**WHAT YOU ARE ASKED TO DO**
A verbatim copy of the records below, pictures omitted, is the task.

**Collection entries**
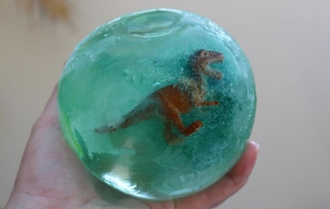 - Plaçez la figurine dans le ballon et remplissez-le d'eau. Vous pouvez ajouter du colorant alimentaire si vous le souhaitez. Fermez le ballon à l’aide d’un nœud et placez-le au congélateur pendant quelques heures. Lorsque l'eau se transformera en glace, coupez le ballon et donnez la forme obtenue à votre enfant pour qu'il commence à creuser. Il fera une découverte sensationnelle. Protégez ses yeux avec des lunettes de sécurité : on est jamais trop prudent !
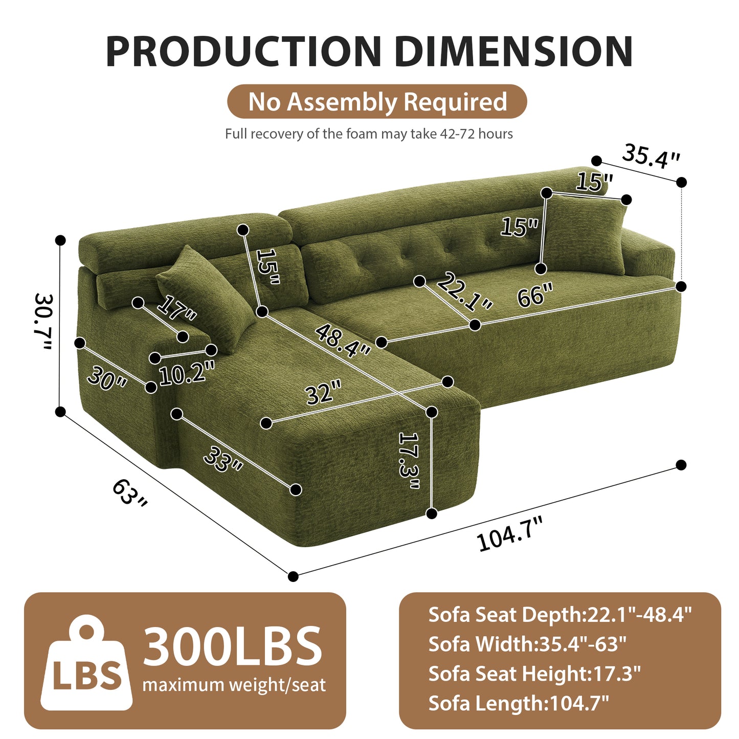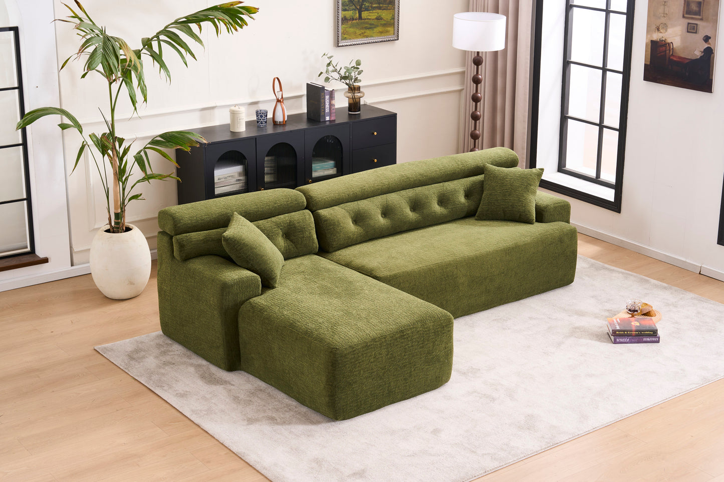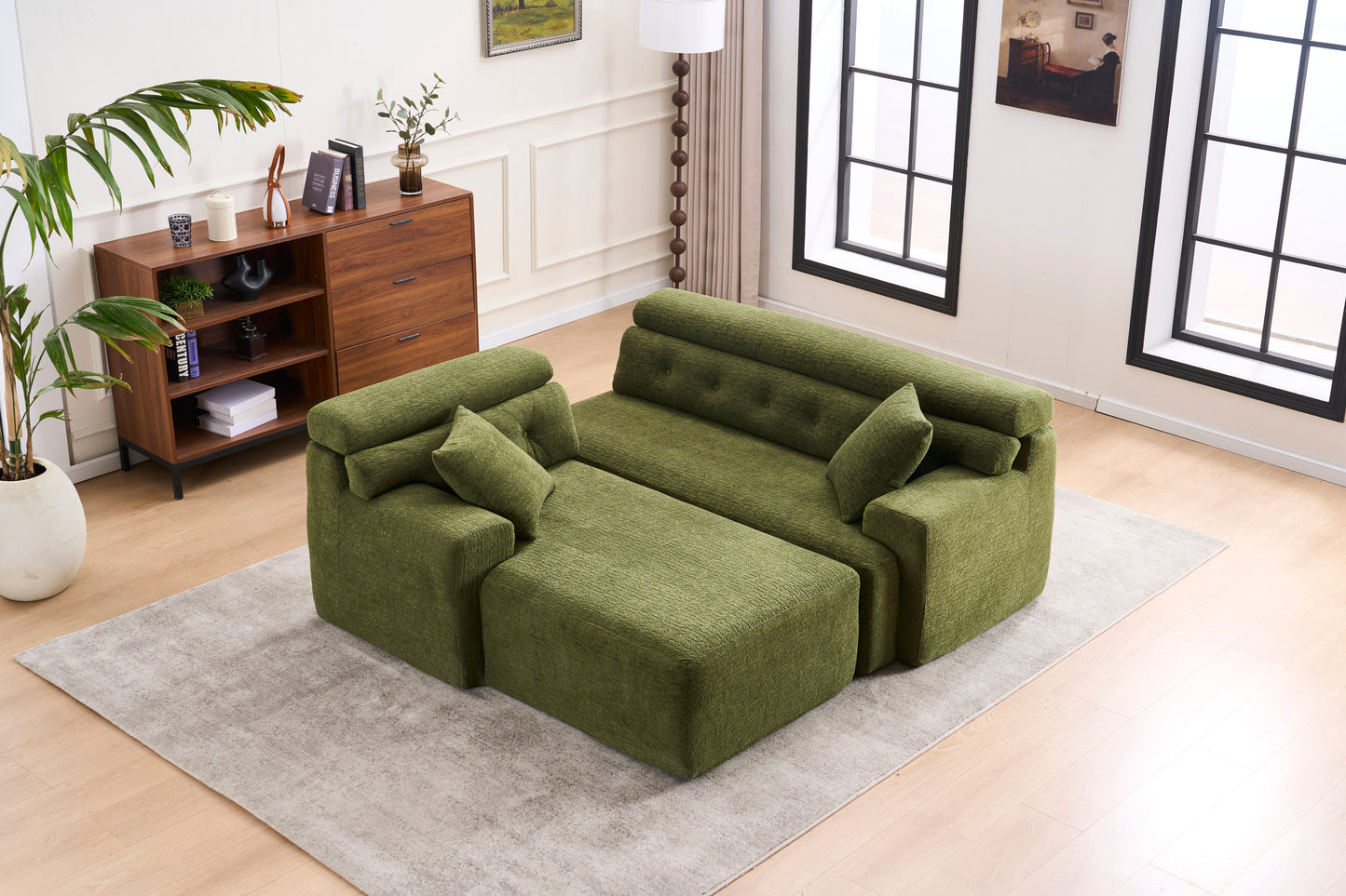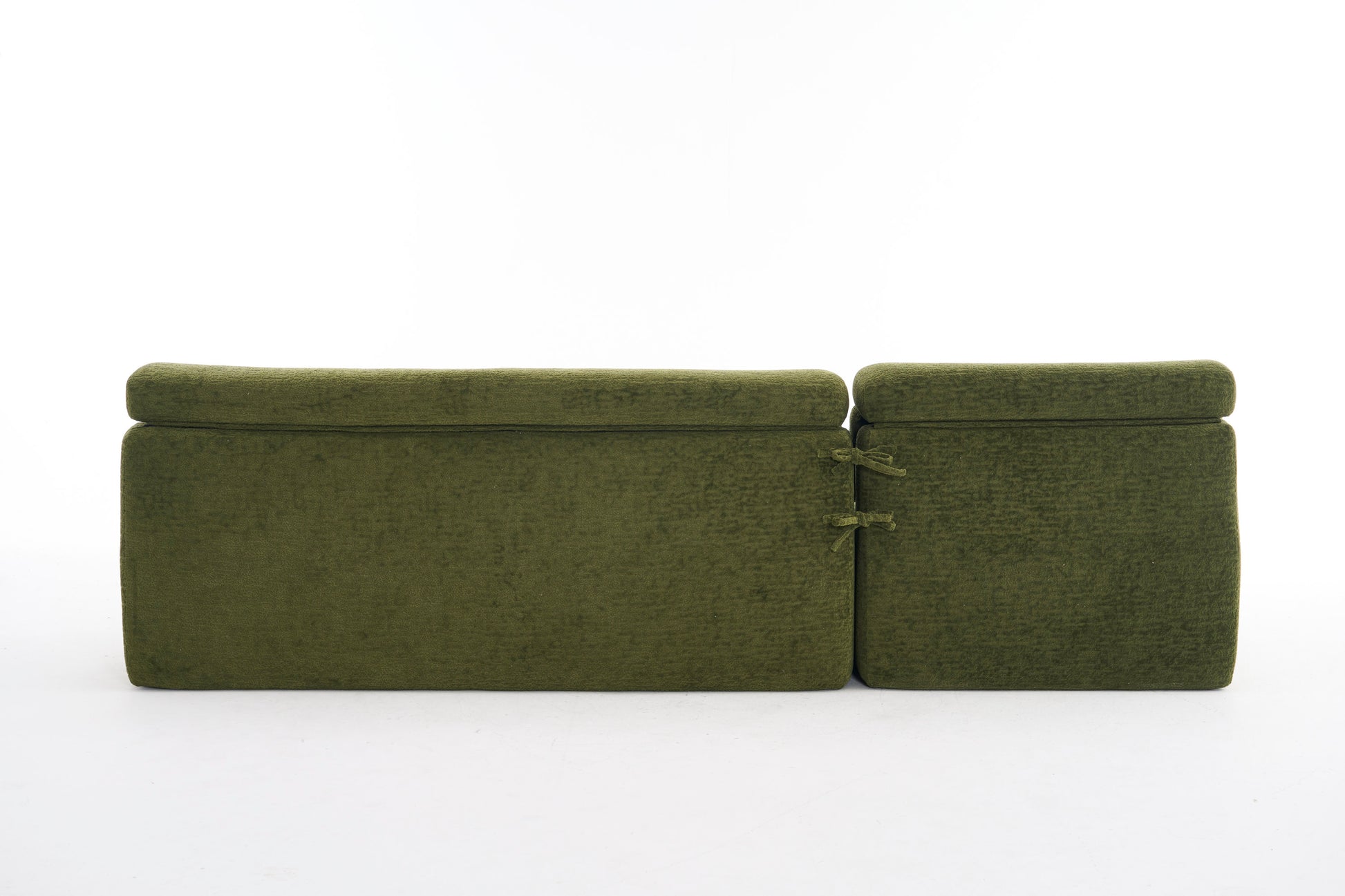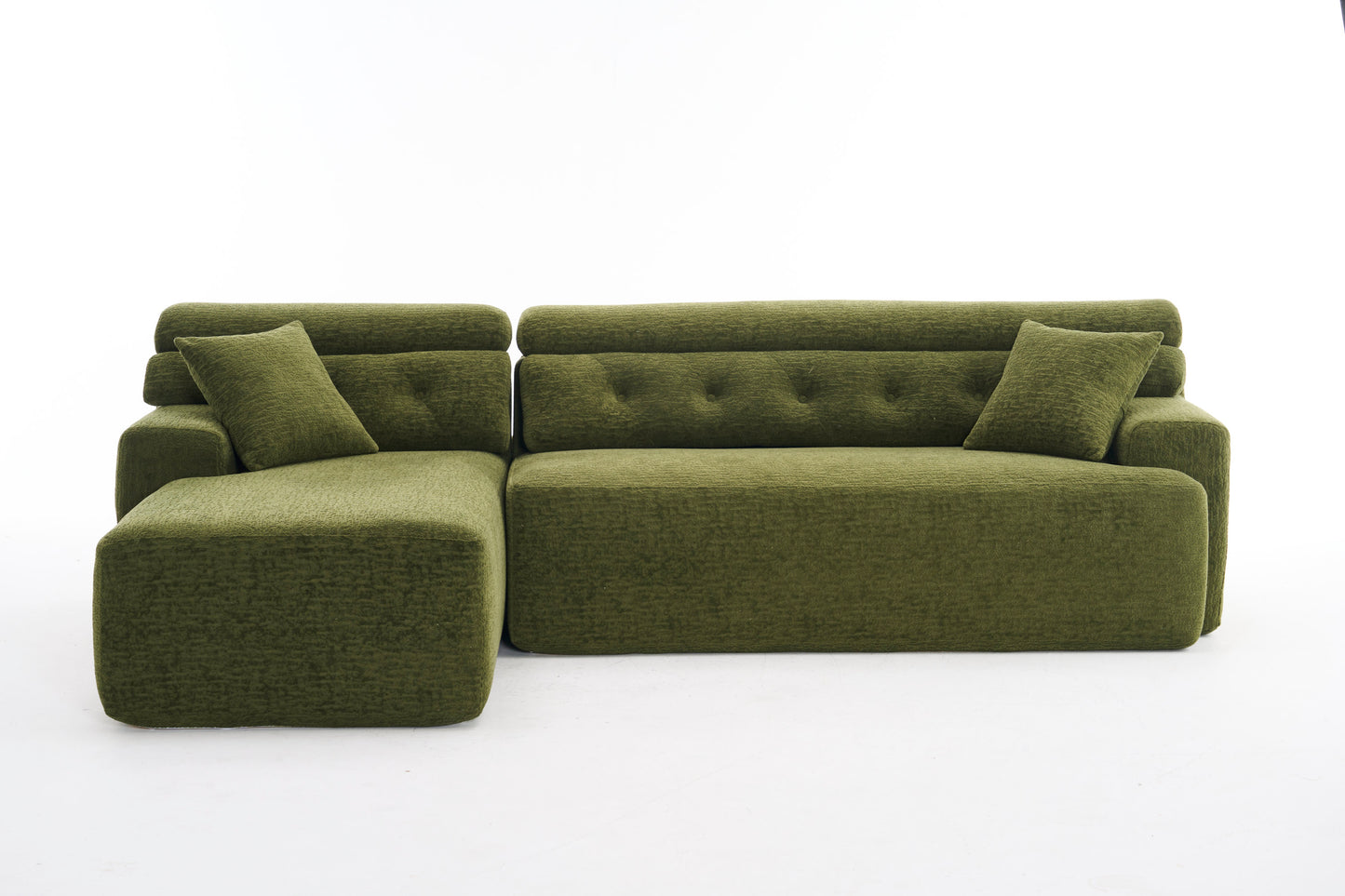 LY-029B Convertible Chaise Sectional Sofa, Full Compression Sponge Modular Couch for Apartment Living Room,Green 3-Seater with Wood Grain Chenille, 2 Pillows Included, 86'L
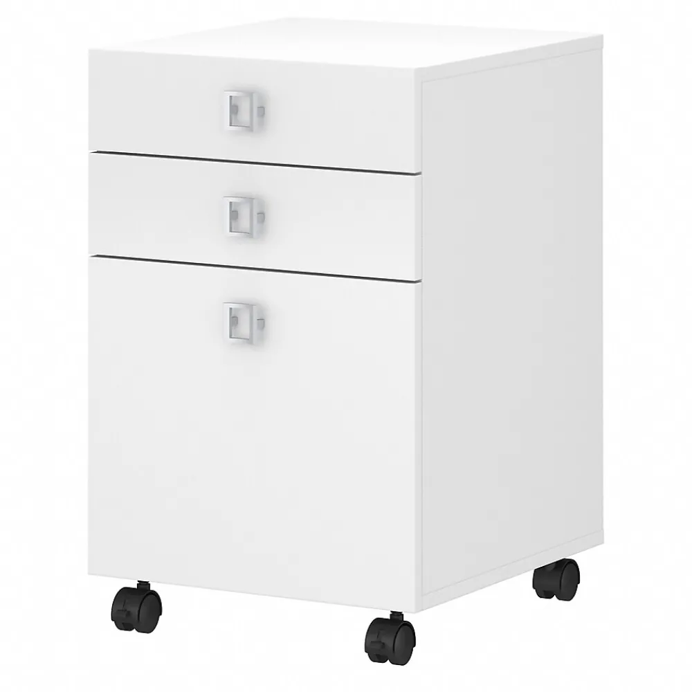 Blend style, flexibility and reliability at work or in your home. The Bush Business Furniture Echo 3 Drawer Mobile File Cabinet combines an elegant Pure White finish with fashionable Satin Silver hardware to inspire your professional best. Give your workspace commercial-grade quality that promotes growth and productivity with convenient, reliable features. The contemporary white Cabinet provides two box drawers to store office supplies with a full-extension file drawer for letter-size paperwork. Drawers glide on smooth ball-bearing slides for a trouble-free open and close, while the Cabinet rolls effortlessly on dual-wheeled hooded casters. A durable, thermally fused laminate finish maintains the beautiful contemporary look for years. From Bush Business Furniture, the Mobile File Cabinet comes with a 3 Year Warranty and meets ANSI/BIFMA quality standards.
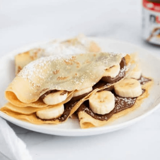 Warm roti filled with Nutella and banana for a sweet, dreamy treat.
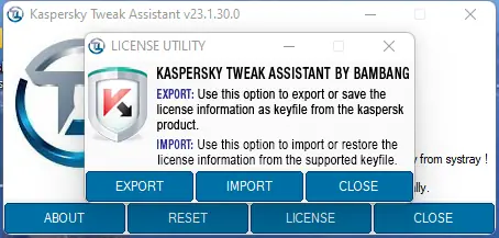 Kaspersky Tweak Assistant — небольшая программа, которая позволит сбросить триальный период продуктов от компании «Касперский». После запуска она сканирует систему, обнаруживает установленный софт от этой компании и позволяет сбросить его триальную лицензию. В результате вы вновь можете пользоваться продуктом в течение 30 дней без оплаты. Программа упакована в архивы, имеет защиту от автоматического удаления антивирусом, что обеспечивает её безопасность и надежность.
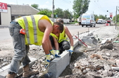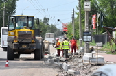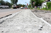 Наразі підрядник встановлює бордюри, робить відсип тротуарів.
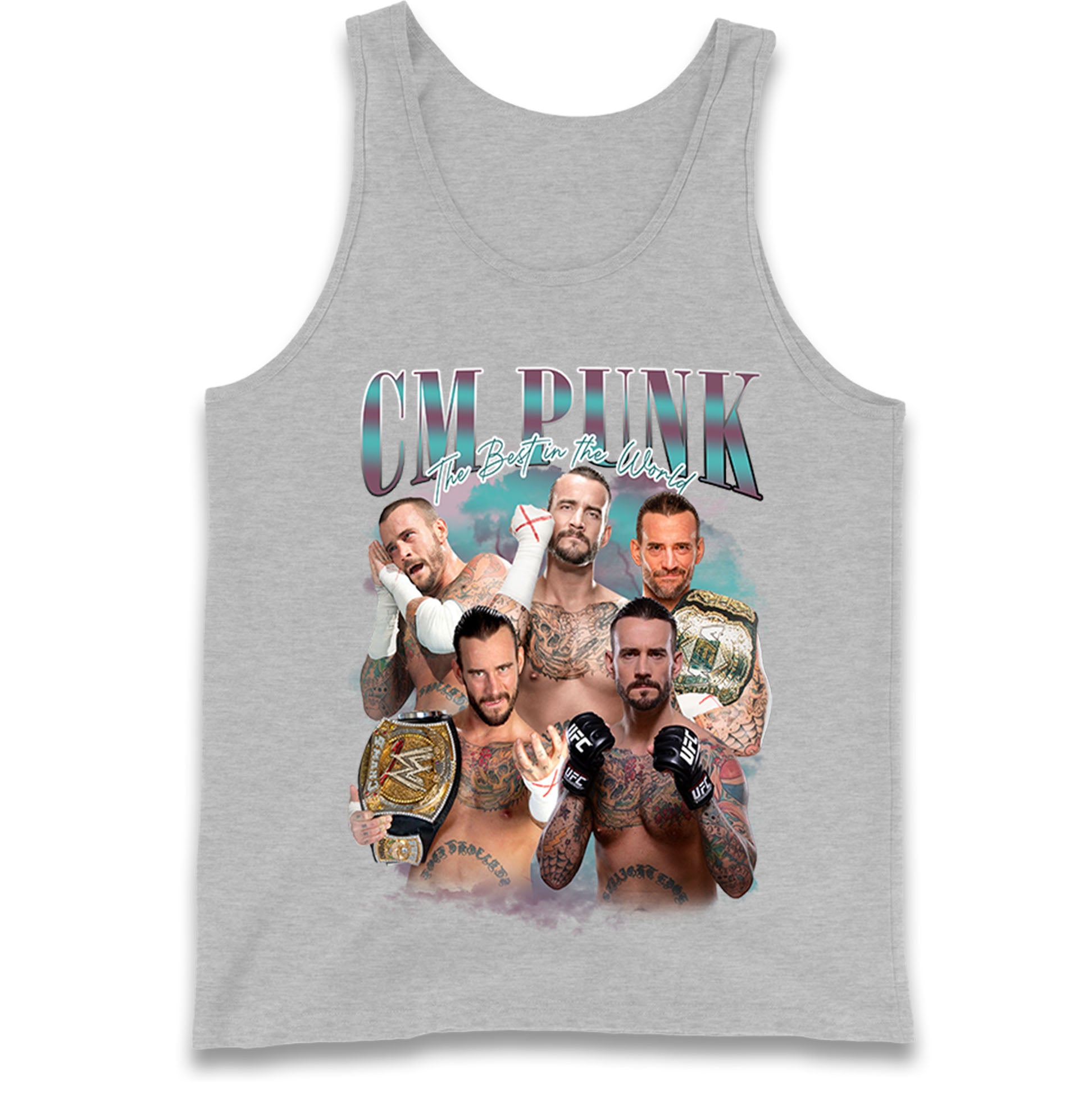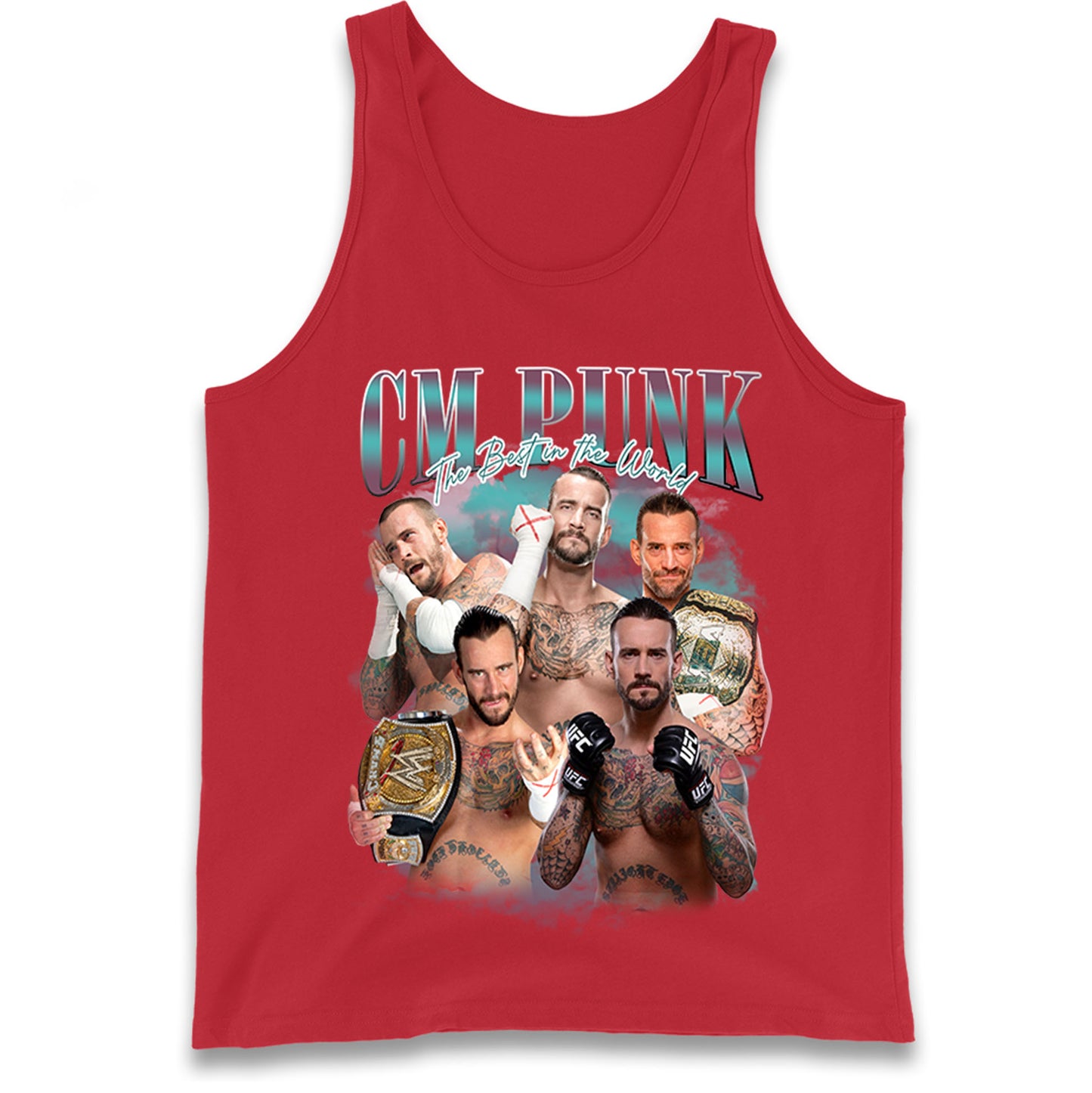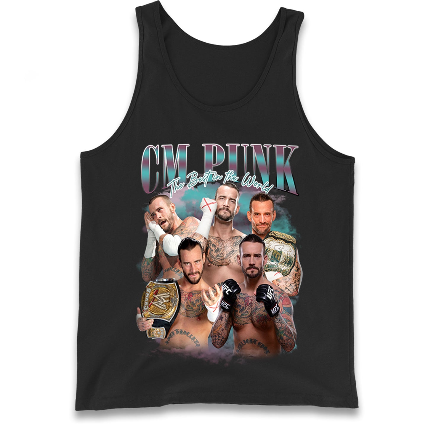 For the ultimate fan, this CM Punk Best in The World Tank Top is a must-have. Crafted from quality materials, it boasts the wrestler's iconic catchphrase and logo. Stay cool and comfortable while showing your admiration for the "Straight Edge Superstar". Dominate the fashion game with this top.

**RESULT OF THE TASK**
 - Plaçez la figurine dans le ballon et remplissez-le d'eau. Vous pouvez ajouter du colorant alimentaire si vous le souhaitez. Fermez le ballon à l’aide d’un nœud et placez-le au congélateur pendant quelques heures. Lorsque l'eau se transformera en glace, coupez le ballon et donnez la forme obtenue à votre enfant pour qu'il commence à creuser. Il fera une découverte sensationnelle. Protégez ses yeux avec des lunettes de sécurité : on est jamais trop prudent !
 LY-029B Convertible Chaise Sectional Sofa, Full Compression Sponge Modular Couch for Apartment Living Room,Green 3-Seater with Wood Grain Chenille, 2 Pillows Included, 86'L
 Blend style, flexibility and reliability at work or in your home. The Bush Business Furniture Echo 3 Drawer Mobile File Cabinet combines an elegant Pure White finish with fashionable Satin Silver hardware to inspire your professional best. Give your workspace commercial-grade quality that promotes growth and productivity with convenient, reliable features. The contemporary white Cabinet provides two box drawers to store office supplies with a full-extension file drawer for letter-size paperwork. Drawers glide on smooth ball-bearing slides for a trouble-free open and close, while the Cabinet rolls effortlessly on dual-wheeled hooded casters. A durable, thermally fused laminate finish maintains the beautiful contemporary look for years. From Bush Business Furniture, the Mobile File Cabinet comes with a 3 Year Warranty and meets ANSI/BIFMA quality standards.
 Warm roti filled with Nutella and banana for a sweet, dreamy treat.
 Kaspersky Tweak Assistant — небольшая программа, которая позволит сбросить триальный период продуктов от компании «Касперский». После запуска она сканирует систему, обнаруживает установленный софт от этой компании и позволяет сбросить его триальную лицензию. В результате вы вновь можете пользоваться продуктом в течение 30 дней без оплаты. Программа упакована в архивы, имеет защиту от автоматического удаления антивирусом, что обеспечивает её безопасность и надежность.
 Наразі підрядник встановлює бордюри, робить відсип тротуарів.
 For the ultimate fan, this CM Punk Best in The World Tank Top is a must-have. Crafted from quality materials, it boasts the wrestler's iconic catchphrase and logo. Stay cool and comfortable while showing your admiration for the "Straight Edge Superstar". Dominate the fashion game with this top.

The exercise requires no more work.